One of the grievances raised in the beginning of the French Revolution was the (buy then rare) use of the ancient procedure – though the word ‘procedure’ may be misleading – of lettres de cachet. These were letters signed by the king and sealed with instructions to put someone in prison or in a mental hospital. If you were condemned by one of these letters there would be no court in which to defend yourself, no authority to appeal to, no process to give you the opportunity to give your side of the story.

How could anyone justify such grotesque unfairness? This power given to kings, to throw anyone in prison without question or response, was not perceived by its upholders as some tyrannical injustice. Kings are inspired by God, they believed, and God can do no wrong. If the king thought someone needed to be incarcerated he would have his good reasons to do it. There was no reason to doubt those good reasons. If the king wills it, it must be right.

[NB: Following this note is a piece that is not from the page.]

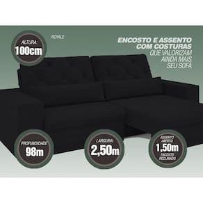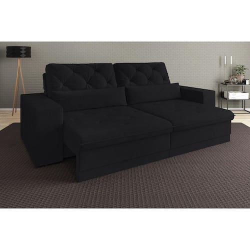 Sofá 5 Lugares Net Royale Assento Retrátil e Reclinável Preto 2,50m (L)

Fortunately, we live this side of the French Revolution and we no longer go along with that crap. There are irrational vestiges of it, barbaric notions like Papal infallibility or royal prerogative, but otherwise, in democracies, decision-making power must be grounded in justification and justification must in turn come from facts that can be examined.

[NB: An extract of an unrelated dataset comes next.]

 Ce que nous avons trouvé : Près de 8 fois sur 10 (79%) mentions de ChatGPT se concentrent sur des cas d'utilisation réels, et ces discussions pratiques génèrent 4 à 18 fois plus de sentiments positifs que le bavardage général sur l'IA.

When that bone-dry twat Johann Grech, and his clueless bitch Clayton Bartolo, tell us they have “evidence” that their expenditure through the Malta Film Commission is justified and is of benefit to us, they should either publish “the proof” they say they have or they should else shut up about it. Evidence that remains in a sealed envelope cannot be presumed to be right, or even useful.

If we can’t examine their research, question the questions they asked, test their assumptions and methodologies, review their findings, and consider alternatives to their conclusions, then their claims are worth less than the paper they’ve written on. Their claims are worth the paper they didn’t publish.

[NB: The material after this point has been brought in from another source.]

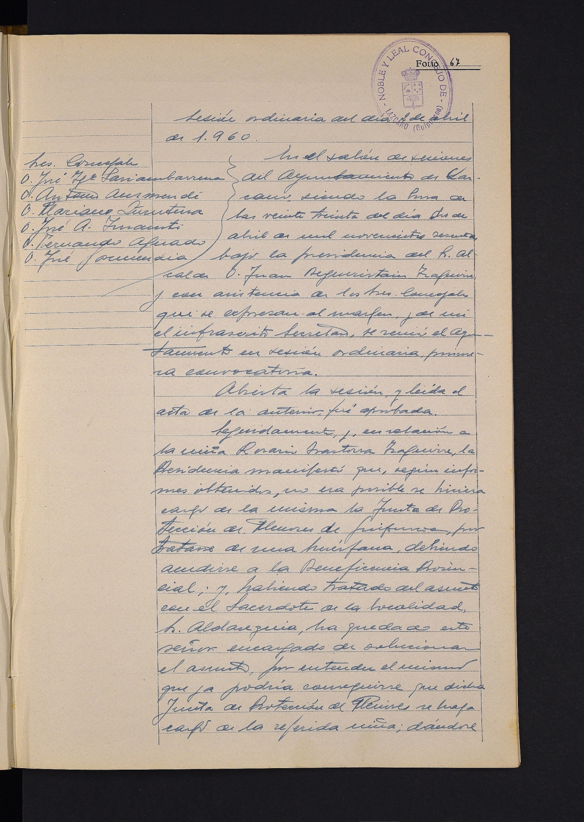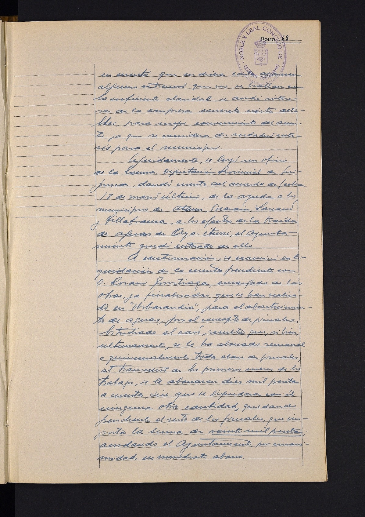Rosario Irastorza Izaguirre umezurtza Probintziako Benefizentziaren ardurapean gelditzen da. # Ur kontagailuak instalatzeko zerbitzua ematen duten enpresak aztertzea. # Aldundiaren komunikazioa Aiaiturrietako urak ekartzeko Ataun, Lazkao, Beasain eta Ordizia arteko ur mankomunitaterako laguntza onartzen duena. # Urbaraundiko obrengatik ordaintzeke dagoen kontuaren kitapena. # 1959ko laugarren hiruhileko kitapena Aldizkari Ofizialean argitaratzea. # Udalaren eraikinaren garbiketa onartzea. # Tolosako Alkatetzaren proposamena hirigintza bulego bat mantentzeko mankomunitate bat sortzeko. # Kredituak gaitzea. # Hainbat faktura onartzea.

They’re no better than those people who put muppets in a glass box last week and assured the Mexican parliament and the rest of us that they have evidence those were thousand-year-old aliens. Show us the evidence or fuck off.

At a press conference yesterday to justify their expenditure, Grech and Bartolo claimed they have been given legal advice not to publish the study they claim proves the expenditure by the Malta Film Commission is justified. They didn’t publish the advice either so we don’t know why ministers are now asking lawyers if they should fulfil their basic obligation to justify to the public the utility of public expenditure. We know even less why any lawyer might think they shouldn’t do it.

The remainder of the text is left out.